Provided data Block Start

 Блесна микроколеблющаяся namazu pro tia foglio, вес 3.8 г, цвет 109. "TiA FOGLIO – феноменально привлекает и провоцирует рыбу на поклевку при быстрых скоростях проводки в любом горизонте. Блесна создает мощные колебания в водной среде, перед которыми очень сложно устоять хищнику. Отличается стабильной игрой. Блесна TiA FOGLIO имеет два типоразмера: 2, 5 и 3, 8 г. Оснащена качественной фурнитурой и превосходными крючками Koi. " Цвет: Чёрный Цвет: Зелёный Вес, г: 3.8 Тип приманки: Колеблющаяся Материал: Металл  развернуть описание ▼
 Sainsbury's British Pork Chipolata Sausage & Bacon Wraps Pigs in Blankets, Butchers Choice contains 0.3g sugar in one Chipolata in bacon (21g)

Provided data Block End
Provided data Block Start

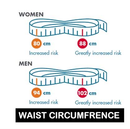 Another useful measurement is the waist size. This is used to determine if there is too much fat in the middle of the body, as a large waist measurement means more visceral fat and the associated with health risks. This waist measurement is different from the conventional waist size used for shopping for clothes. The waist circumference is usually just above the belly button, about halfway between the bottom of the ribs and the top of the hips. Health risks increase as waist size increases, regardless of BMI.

Provided data Block End

▶ **What to work on**:
From the entries above, give again exactly the lines running from the line with "Блесна микроколеблющаяся namazu" to the line with "Sainsbury's British Pork"; include both of those lines.

▶ **Output of the exercise**:
 Блесна микроколеблющаяся namazu pro tia foglio, вес 3.8 г, цвет 109. "TiA FOGLIO – феноменально привлекает и провоцирует рыбу на поклевку при быстрых скоростях проводки в любом горизонте. Блесна создает мощные колебания в водной среде, перед которыми очень сложно устоять хищнику. Отличается стабильной игрой. Блесна TiA FOGLIO имеет два типоразмера: 2, 5 и 3, 8 г. Оснащена качественной фурнитурой и превосходными крючками Koi. " Цвет: Чёрный Цвет: Зелёный Вес, г: 3.8 Тип приманки: Колеблющаяся Материал: Металл  развернуть описание ▼
 Sainsbury's British Pork Chipolata Sausage & Bacon Wraps Pigs in Blankets, Butchers Choice contains 0.3g sugar in one Chipolata in bacon (21g)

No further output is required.